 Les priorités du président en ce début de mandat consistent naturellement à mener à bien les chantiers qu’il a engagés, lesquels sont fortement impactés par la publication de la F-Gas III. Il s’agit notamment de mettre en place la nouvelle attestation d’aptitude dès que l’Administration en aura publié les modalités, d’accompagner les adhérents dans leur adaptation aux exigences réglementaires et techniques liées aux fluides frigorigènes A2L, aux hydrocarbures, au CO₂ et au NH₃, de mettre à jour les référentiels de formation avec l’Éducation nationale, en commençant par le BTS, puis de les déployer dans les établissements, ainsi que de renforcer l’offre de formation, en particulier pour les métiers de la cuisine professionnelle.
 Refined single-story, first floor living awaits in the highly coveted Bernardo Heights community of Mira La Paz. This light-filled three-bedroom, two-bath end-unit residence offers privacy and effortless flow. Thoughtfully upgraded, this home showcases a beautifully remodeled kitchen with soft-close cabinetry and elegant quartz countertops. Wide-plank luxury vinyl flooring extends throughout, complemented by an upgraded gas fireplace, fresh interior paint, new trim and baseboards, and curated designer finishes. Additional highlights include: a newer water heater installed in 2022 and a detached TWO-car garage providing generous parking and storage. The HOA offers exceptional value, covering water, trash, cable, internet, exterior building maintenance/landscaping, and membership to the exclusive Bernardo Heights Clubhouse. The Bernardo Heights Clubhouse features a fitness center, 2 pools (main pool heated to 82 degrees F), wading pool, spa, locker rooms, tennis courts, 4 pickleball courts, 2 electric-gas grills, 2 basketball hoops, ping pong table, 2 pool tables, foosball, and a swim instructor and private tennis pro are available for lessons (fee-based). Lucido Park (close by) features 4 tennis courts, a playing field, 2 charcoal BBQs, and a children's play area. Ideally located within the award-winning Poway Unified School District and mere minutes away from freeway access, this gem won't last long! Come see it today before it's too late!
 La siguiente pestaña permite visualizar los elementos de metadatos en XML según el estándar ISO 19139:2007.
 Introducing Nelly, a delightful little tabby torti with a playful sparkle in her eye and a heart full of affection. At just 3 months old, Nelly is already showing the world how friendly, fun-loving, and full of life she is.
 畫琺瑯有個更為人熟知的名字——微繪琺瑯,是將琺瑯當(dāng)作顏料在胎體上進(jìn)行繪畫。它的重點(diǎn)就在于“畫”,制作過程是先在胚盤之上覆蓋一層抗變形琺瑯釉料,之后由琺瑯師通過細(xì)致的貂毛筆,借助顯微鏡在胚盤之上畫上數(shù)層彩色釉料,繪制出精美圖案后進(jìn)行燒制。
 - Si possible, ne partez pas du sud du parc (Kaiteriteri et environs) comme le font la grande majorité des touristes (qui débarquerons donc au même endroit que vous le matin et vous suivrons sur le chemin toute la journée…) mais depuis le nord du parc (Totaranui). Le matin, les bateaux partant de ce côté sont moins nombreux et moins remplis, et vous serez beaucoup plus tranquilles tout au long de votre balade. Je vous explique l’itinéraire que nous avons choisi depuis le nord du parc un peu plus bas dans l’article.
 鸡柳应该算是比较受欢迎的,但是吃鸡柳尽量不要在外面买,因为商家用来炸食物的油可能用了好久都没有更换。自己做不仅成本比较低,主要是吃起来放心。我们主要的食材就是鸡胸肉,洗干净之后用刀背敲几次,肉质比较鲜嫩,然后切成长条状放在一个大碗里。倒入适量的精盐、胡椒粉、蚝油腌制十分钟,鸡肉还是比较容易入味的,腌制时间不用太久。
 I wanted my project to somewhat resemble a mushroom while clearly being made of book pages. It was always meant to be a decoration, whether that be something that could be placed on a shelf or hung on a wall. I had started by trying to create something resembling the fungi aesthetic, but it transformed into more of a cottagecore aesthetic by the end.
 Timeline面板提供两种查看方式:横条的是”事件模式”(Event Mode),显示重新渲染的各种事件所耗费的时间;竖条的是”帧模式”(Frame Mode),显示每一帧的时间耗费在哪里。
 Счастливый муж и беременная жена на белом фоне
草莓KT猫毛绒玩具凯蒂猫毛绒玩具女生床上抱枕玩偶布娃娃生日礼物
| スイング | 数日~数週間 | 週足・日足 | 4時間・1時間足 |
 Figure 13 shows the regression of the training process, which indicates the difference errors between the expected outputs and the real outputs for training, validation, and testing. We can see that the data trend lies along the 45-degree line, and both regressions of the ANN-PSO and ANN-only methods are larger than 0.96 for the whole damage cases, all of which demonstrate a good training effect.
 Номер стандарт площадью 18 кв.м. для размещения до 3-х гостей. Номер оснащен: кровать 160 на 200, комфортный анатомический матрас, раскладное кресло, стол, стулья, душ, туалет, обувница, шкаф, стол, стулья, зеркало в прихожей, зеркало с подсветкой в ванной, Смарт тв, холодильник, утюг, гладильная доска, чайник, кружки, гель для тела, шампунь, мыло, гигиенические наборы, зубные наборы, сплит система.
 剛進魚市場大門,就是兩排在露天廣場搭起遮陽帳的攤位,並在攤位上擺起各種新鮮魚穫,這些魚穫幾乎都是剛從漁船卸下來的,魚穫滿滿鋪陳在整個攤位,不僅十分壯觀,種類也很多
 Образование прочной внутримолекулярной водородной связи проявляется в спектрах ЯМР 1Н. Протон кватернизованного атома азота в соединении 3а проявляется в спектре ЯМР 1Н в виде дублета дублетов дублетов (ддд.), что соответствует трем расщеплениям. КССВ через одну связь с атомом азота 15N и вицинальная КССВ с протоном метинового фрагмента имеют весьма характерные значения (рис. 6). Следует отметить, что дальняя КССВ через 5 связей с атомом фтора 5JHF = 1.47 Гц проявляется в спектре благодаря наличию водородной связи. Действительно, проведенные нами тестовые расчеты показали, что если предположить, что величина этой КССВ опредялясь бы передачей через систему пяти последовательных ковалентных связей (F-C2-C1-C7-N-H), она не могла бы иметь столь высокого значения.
··········
● **THE PROBLEM**
Of all the entries above, output exactly the lines between the one holding "La siguiente pestaña" and the one holding "鸡柳应该算是比较受欢迎的,但", inclusive.

● **ANSWER BELOW**
 La siguiente pestaña permite visualizar los elementos de metadatos en XML según el estándar ISO 19139:2007.
 Introducing Nelly, a delightful little tabby torti with a playful sparkle in her eye and a heart full of affection. At just 3 months old, Nelly is already showing the world how friendly, fun-loving, and full of life she is.
 畫琺瑯有個更為人熟知的名字——微繪琺瑯,是將琺瑯當(dāng)作顏料在胎體上進(jìn)行繪畫。它的重點(diǎn)就在于“畫”,制作過程是先在胚盤之上覆蓋一層抗變形琺瑯釉料,之后由琺瑯師通過細(xì)致的貂毛筆,借助顯微鏡在胚盤之上畫上數(shù)層彩色釉料,繪制出精美圖案后進(jìn)行燒制。
 - Si possible, ne partez pas du sud du parc (Kaiteriteri et environs) comme le font la grande majorité des touristes (qui débarquerons donc au même endroit que vous le matin et vous suivrons sur le chemin toute la journée…) mais depuis le nord du parc (Totaranui). Le matin, les bateaux partant de ce côté sont moins nombreux et moins remplis, et vous serez beaucoup plus tranquilles tout au long de votre balade. Je vous explique l’itinéraire que nous avons choisi depuis le nord du parc un peu plus bas dans l’article.
 鸡柳应该算是比较受欢迎的,但是吃鸡柳尽量不要在外面买,因为商家用来炸食物的油可能用了好久都没有更换。自己做不仅成本比较低,主要是吃起来放心。我们主要的食材就是鸡胸肉,洗干净之后用刀背敲几次,肉质比较鲜嫩,然后切成长条状放在一个大碗里。倒入适量的精盐、胡椒粉、蚝油腌制十分钟,鸡肉还是比较容易入味的,腌制时间不用太久。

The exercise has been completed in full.